“You like me, don’t you, dear?” Miss Ruth returned happily. It was early morning, and Phœbe had just wakened. Already the room was lightening with the dawn. Miss Ruth leaned down and cupped Phœbe’s cheek in the palm of a hand. “And you’re like your father,” she added with a tender smile.
Soon there came a time when Phœbe slept through the nights without waking, when watchers were no longer needed beside her bed. She did not understand how it was, but she had come to feel two things: First, it did not seem true that her mother was dead, and having had no letters from her mother since leaving New York, there was not even the cutting off of messages to bring home to Phœbe her loss; second, her mother’s death settled finally a question that had vexed Phœbe sorely, the troublesome question of what was going to happen once the divorce was granted. Now Phœbe knew. She had only Daddy! She would go with Daddy.
And as this fact was borne in upon her, she remembered the matter that Manila had broached. She recollected, too, the decision she herself had made—to thwart. “And I must get at it,” she declared. “Because now, with Mother gone it’s likely——”
She wrote her father. From Nevada he had gone on directly southward, and his address was such a very strange one that Phœbe had her Uncle Bob direct her envelope. But no one saw what she wrote. Though what she wrote was not what she had fully intended to say. At first she had determined to tell him frankly that she could never, never bear to have a step-mother, who would hate her, and beat her with part of a tug, and turn her father against her. She ended by sending him four cheerful, newsy pages; only at the end did she allow herself to touch remotely upon what was uppermost in her mind.
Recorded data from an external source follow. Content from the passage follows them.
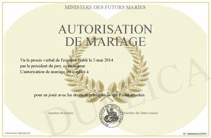 Envoyez par email votre Autorisation de mariage personalisé
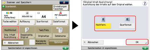Querformat bezieht sich auf ein Original in horizontaler Ausrichtung, die kürzeren Ränder befinden sich links und rechts auf dem Original.
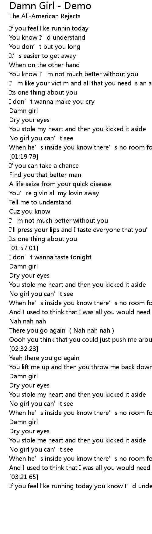 | [02:45.52] | You stole my heart and then you kicked it aside |

“Darling Daddy,” ran her final paragraph, “you don’t like anybody but me, do you? Oh, dear Daddy, say you don’t.”
When the letter was gone (she posted it herself), she realized that now, with Mother dead, it would be harder than ever for her if her father were to marry a second time. She saw that she must have counsel from someone. And who knew more about the whole thing than Manila? She determined to see Manila.
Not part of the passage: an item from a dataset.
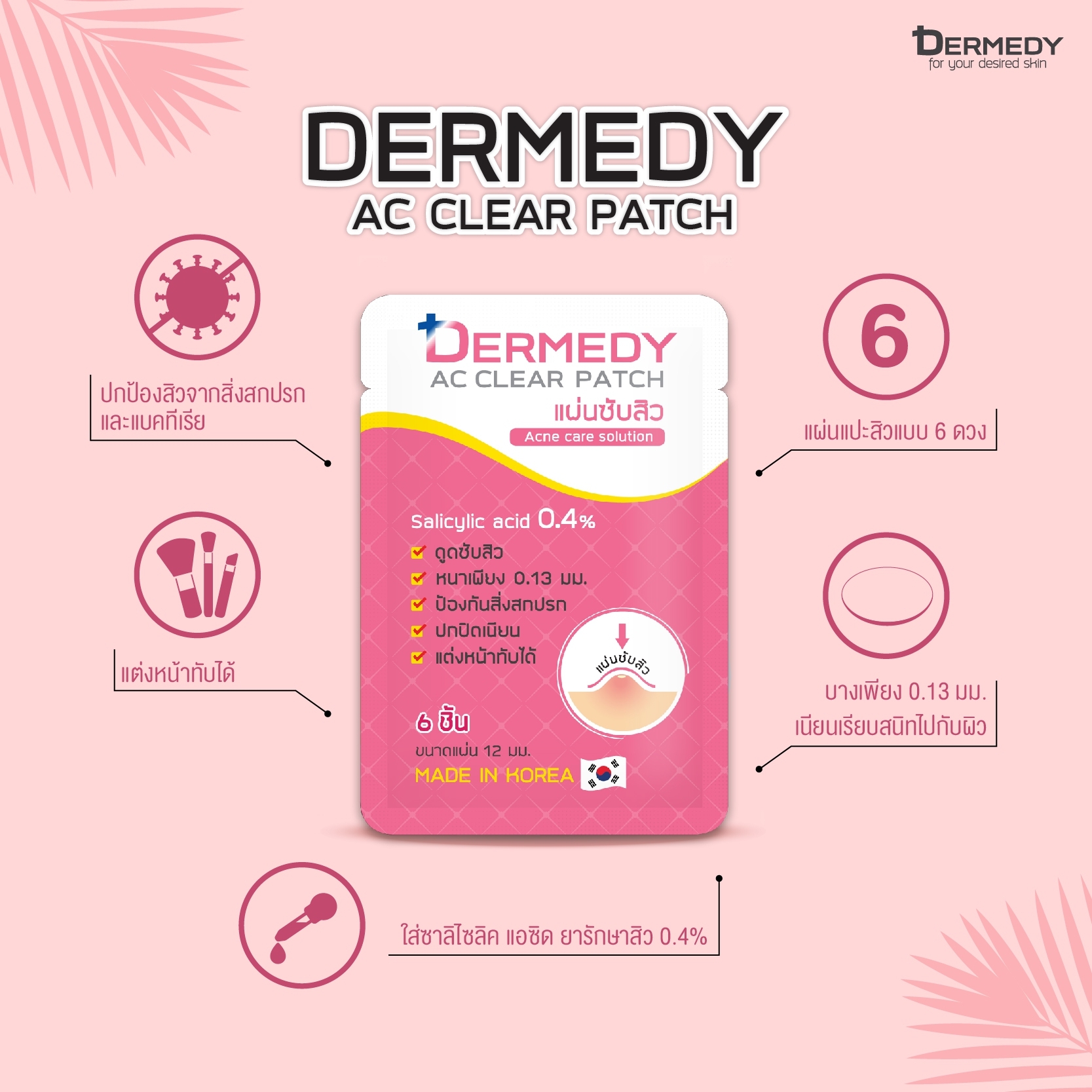 Dermedy Ac Clear Patch 18 Dots.แผ่นซับสิว (ยกล่อง/6ซอง) 18 ชิ้น

During those first weeks following Phœbe’s arrival from New York, how anxious the family had been that she should meet and talk to no one. But now, as during Phœbe’s attendance at Miss Simpson’s, her uncles and her grandmother were more than anxious that she should have company—and plenty of it, so that her thoughts would not dwell too much upon her loss.
“Aren’t there some little girls that you’d like to have come?” Grandma often wanted to know.
This gave Phœbe her opportunity! “I’d like to see Manila,” she announced one day.
And so it came about that Manila paid Phœbe a second visit, and the two went out to the summerhouse, taking along Phœbe’s old doll, and Phœbe told Manila all about Mother, and wept, her head on Manila’s knee, and confessed her fears and her intention to thwart.